Note that I deliberately chose a very specific name for this, to distinguish it from the type we will probably introduce as the class of all triple terms, for example, to describe the range of rdf:reifies (say, rdf:Triple). Indeed, I believe that there will be valid use-cases to use that type (rdf:Triple) in Fuill RDF graphs, while rdf:UnstarredTripleTerm should really be considered as "reserved" and not to be used outside of the "unstar" algorithm.

To me it seems like the discussions in the Semantics TF and in Github issues, e.g. rdf-semantics issue #49 and rdf-star-wg issue #130, moved away from re-using the RDF reification vocabulary. The reason is a bit intricate: the RDF standard reification describes an occurrence/instance/reification of a triple. The triple term describes a triple and only the reification, indicated by rdf:reifies, creates a reference to the instance/occurrence/reification. That means that in the following example _:r and _:s are semantically equivalent, but the triple term and the reification quad are not.

_:r rdf:reifies <<( :s :p :o )>> .
_:s a rdf:Statement ;
    rdf:subject :s ;
    rdf:predicate :p ;
    rdf:object :o .

Given this difference in meaning I think it's more prudent to not reuse the properties from the reification vocabulary but to mint new ones, like e.g. rdf:tripleTermSubject, etc.

W.r.t. other wordings:

how about rdf:unTripleTerm and rdf:reTripleTerm?
I favor rdf:TripleTerm over rdf:Triple to refer to a triple term, since the latter could be easily misunderstood to refer to regular, asserted RDF triples.

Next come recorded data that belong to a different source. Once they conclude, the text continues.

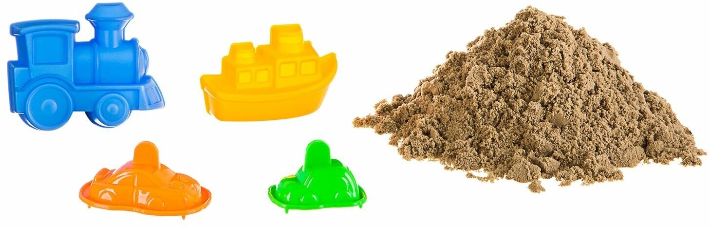 Набор для игры детям от 3-х лет. В комплекте: песок и набор формочек. Песок пластичен,не высыхает, не рассыпается и не пачкается. Игры с ним займут ребёнка ,принесут ему массу положительных эмоций и новых тактильных ощущений. Песок- отличный материал для детского творчества, для развития фантазии и воображения. В набор входят красочные формочки. Песок способен повторить их правильные и ровные формы. Даже зимой или в плохую погоду, ребенок сможет играть в любимые игры в маленькой домашней песочнице!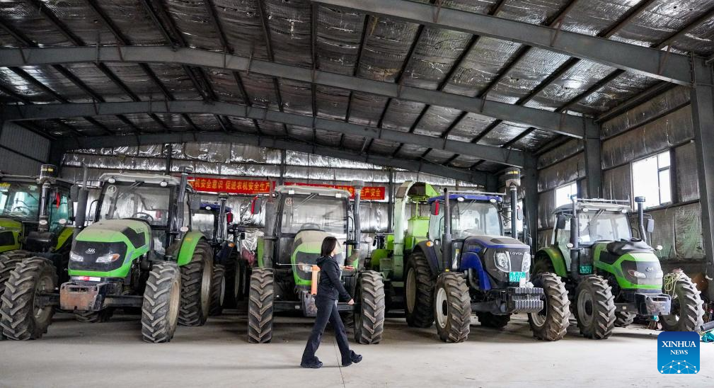 Han Fengxiang checks agricultural machinery at her cooperative's warehouse in Lishu County, northeast China's Jilin Province, Oct. 9, 2025. Han Fengxiang, 43, returned to her hometown in Jilin's Lishu County to run a cooperative in 2010. Instead of relying on traditional farming methods, Han carried out mechanized farming leveraging large-scale agricultural machinery to enhance the grain output. With years of operation, the cooperative currently boasts 76 sets of large agricultural machinery and manages 1,000 hectares of land with mechanized cultivation.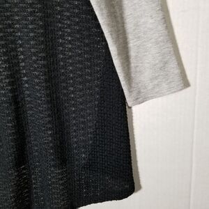 Gray and black 3/4" sleeve hi-low knit top! Soft gray knit on front with scoop neck and an open weave black back with a large keyhole feature and black ribbon tie closure leaving part of the back open!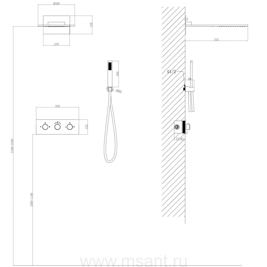 Душевая система ABBER Wasser Kreis AF8151G скрытого монтажа без излива, термостат, золото матовое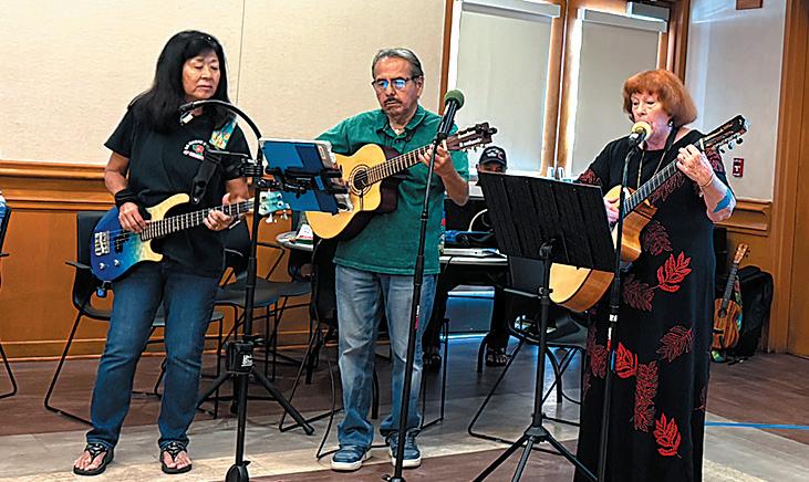 AUDIO TECH GROUP: Carrie Kumabe, Cesar Franco, and Susan McCormick of the Da’ Hawaii Seniors Club’s Audio Tech Group entertain fellow members with live music during the club’s March 26, 2026 meeting at the Cerritos Senior Center.

pchampin · 2024-12-06T09:42:19Z

Regarding the name of the algorithm,

I guess we could go for "classicize" (as it converts to RDF "classic").
"flatten" would also seem appropriate, but could create confusion with the algorithm of the same name in JSON-LD? The context (no pun intended) is quite different so I'm not convinced this would be a real issue.

pchampin · 2024-12-06T10:00:37Z

Regarding the vocabulary,

I think that duplicating the properties rdf:subject, rdf:predicate, rdf:object could also create a lot of confusion, so I would refrain from doing that unless repurposing them really breaks something badly. But since rdf:Statement is so loosely defined, I don't think that would be the case. I am happy to consider that, in retrospect, rdf:Statement can include both the "platonic triples" denoted by triple terms and the "occurrences" denoted by reifiers.

rat10 · 2024-12-06T12:50:14Z

Regarding the vocabulary,

I think that duplicating the properties rdf:subject, rdf:predicate, rdf:object could also create a lot of confusion, so I would refrain from doing that unless repurposing them really breaks something badly. But since rdf:Statement is so loosely defined, I don't think that would be the case. I am happy to consider that, in retrospect, rdf:Statement can include both the "platonic triples" denoted by triple terms and the "occurrences" denoted by reifiers.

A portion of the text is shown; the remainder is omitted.